Take a pause on the first rep of all sets, you’ll get used to it soon enough.

sounds like a plan - pause on first rep of all sets

[quote]strengthstudent wrote:

If you’re not prepping for a meet, just hit a paused max every so often as a tester.

…[/quote]

[quote]Big Bencher wrote:
You have gotten some good advice from SS and others. You need to wait for a press command in a meet so just work on it to be sure you are mentally ready for the command. It will give you a bit of thought of what your openers will be since you are not used to the concept of pausing, but you will be ok if you practice a bit.

Good Luck
BB[/quote]

about how often/how much practice is advisable?

I just started using some paused sets recently. I was thinking developing better push from a paused position would help get through my sticking point about 3" of the chest. Am I in the right ballpark with this line of thinking?

Dead Bench, do it.

Once a month should be fine. As far as the sticking point question, I think it would be better to train from the sticking point or from right below it. Try one- or two-board presses for heavy triples. Speed work would probably help you too. Explosive presses with full ROM and light weight, maybe with bands for accommodating resistance, will help you get faster and teach you to accelerate maximally, which may help you get through the sticking point.

[/quote]

about how often/how much practice is advisable?

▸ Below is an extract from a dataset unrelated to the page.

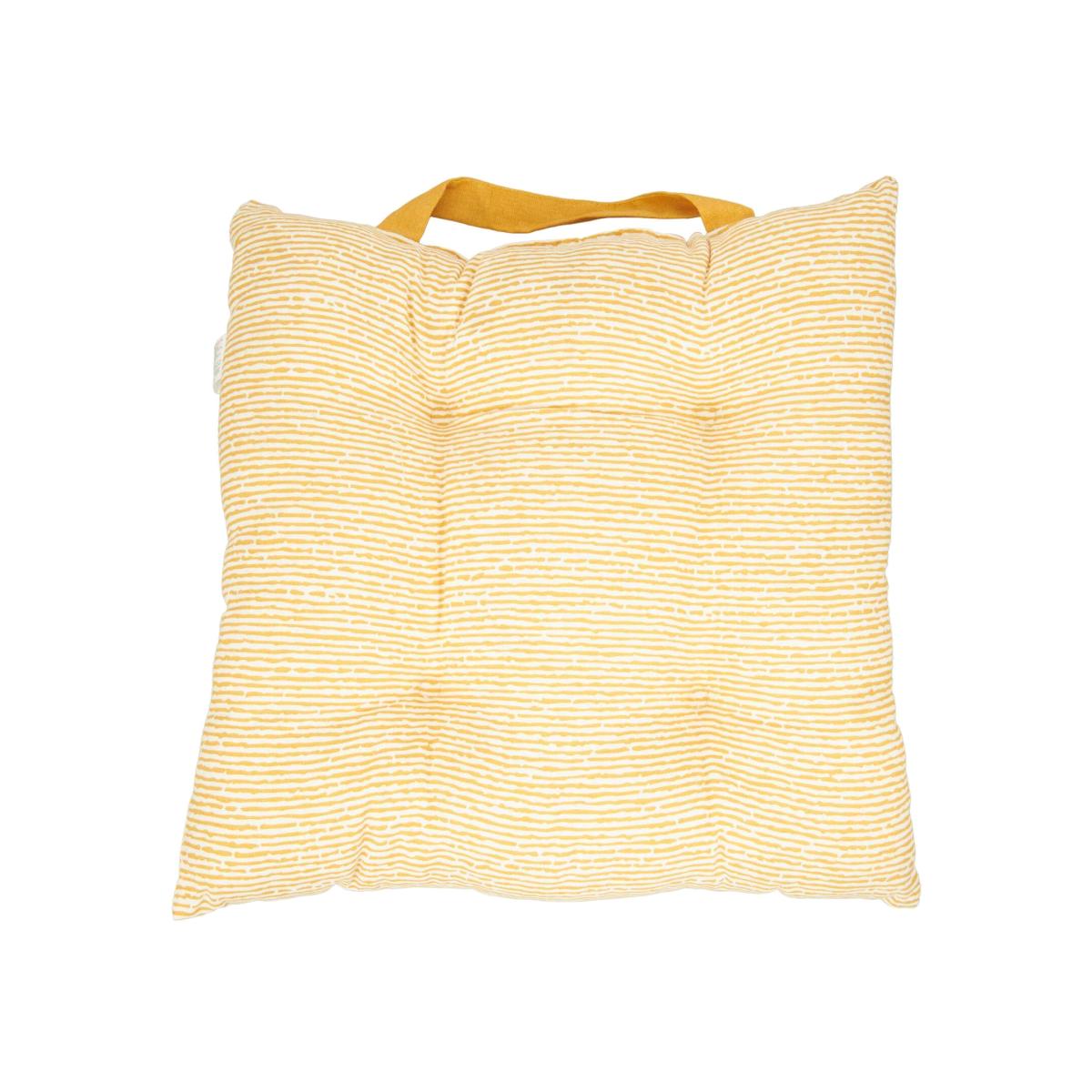 I love this yellow seat pad with handle for its practicality and cheerful colour. It works well in casual kitchens or dining areas, especially when you want a touch of brightness without committing to bold patterns. The handle makes it easy to carry around, so it’s ideal for both indoor use and outdoor picnics. For styling, pair it with neutral-toned chairs or mix with other colourful textiles for a lively, eclectic look. It’s also a smart choice for family spaces, offering comfort while maintaining a simple, functional aesthetic.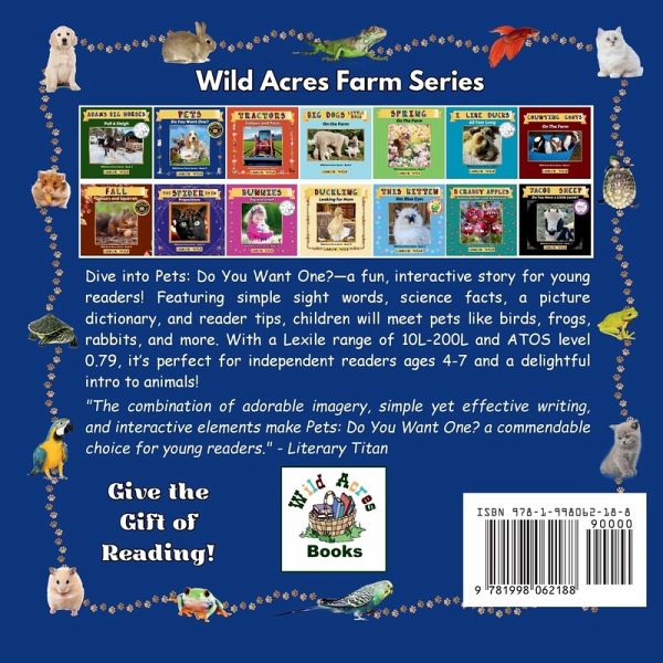 Immerse your child in a fun, interactive learning adventure with Pets: Do You Want One? This delightful story captivates young readers with colorful photos and graphics. Featuring easy, repetitive sight words, pet care tips, a picture dictionary, and helpful reader guidelines, it offers a rich educational experience. Children will explore a variety of pets, including birds, frogs, rabbits, lizards, turtles, hamsters, fish, cats, and dogs! With a Lexile range of 10L-200L and an ATOS level of 0.79, this book is perfect for independent readers ages 4-7. Whether learning to read or enjoying a read-aloud, kids will love discovering this vibrant world of animals! "The combination of adorable imagery, simple yet effective writing, and interactive elements make Pets: Do You Want One? a commendable choice for young readers." - Literary Titan

I just started using some paused sets recently. I was thinking developing better push from a paused position would help get through my sticking point about 3" of the chest. Am I in the right ballpark with this line of thinking?

[/quote]

I wouldn’t do it at all, outside of meets.

Jason

Practice it and you’ll be amazed how close your paused bench 1RM catches up to your T&G.

[quote]JPeggEFS wrote:
I wouldn’t do it at all, outside of meets.

Jason[/quote]

JPegg stoppin by to drop some knowledge… even though I have do disagree and say that starting to train with the pause about 6 weeks out gives me enough time to feel comfortable with it… but Im not an EFS sponsored lifter

[quote]JPeggEFS wrote:
I wouldn’t do it at all, outside of meets.

Jason[/quote]

Why not?

[quote]ros1816 wrote:
Doing a meet shortly so been thinking about paused benches.
Tried short pauses yesterday and realised just how much it reduces the weight I can move.
Should I be doing short pauses during all my training - I’ve been realising how much I bounce to get off the bottom despite my sticking point being at lockout.
BTW I do close grip bench, have ridiculously long arms, and struggle with 225 despite (or because of) DL of 510.[/quote]

I have long arms as well and the best thing I can recommend for you is to stop doing close grip bench. The raw federation requires you to be no farther apart on the bar then 32 inches. I think it’s 31" and 7/8" or something like that. Take it all and start training. I’ll let Pegg answer for himself about why he wouldn’t do pauses but in EFS’ “Beginner Manual” you run 8 sets and your grip goes from 17" to 24" to 31" in rotation in the sets. You need full development on your pecs and you won’t need to move the bar near as far with a wider grip.

I like to pause all my reps in training, makes meets feel really natural

paused once in a while, but from a board

Damn. I deleted the e-mail, but Elite just had an article on why dead bench was better. It’s a good read, look it up.

[quote]JPeggEFS wrote:
I wouldn’t do it at all, outside of meets.

Jason[/quote]

Yeah, but you’re an experienced PLer. Sounds to me like OP is bouncing it off his chest solidly enough that he’d stand no chance of having a lift passed in competition.

As for me, I only pause singles, and I don’t pause all singles.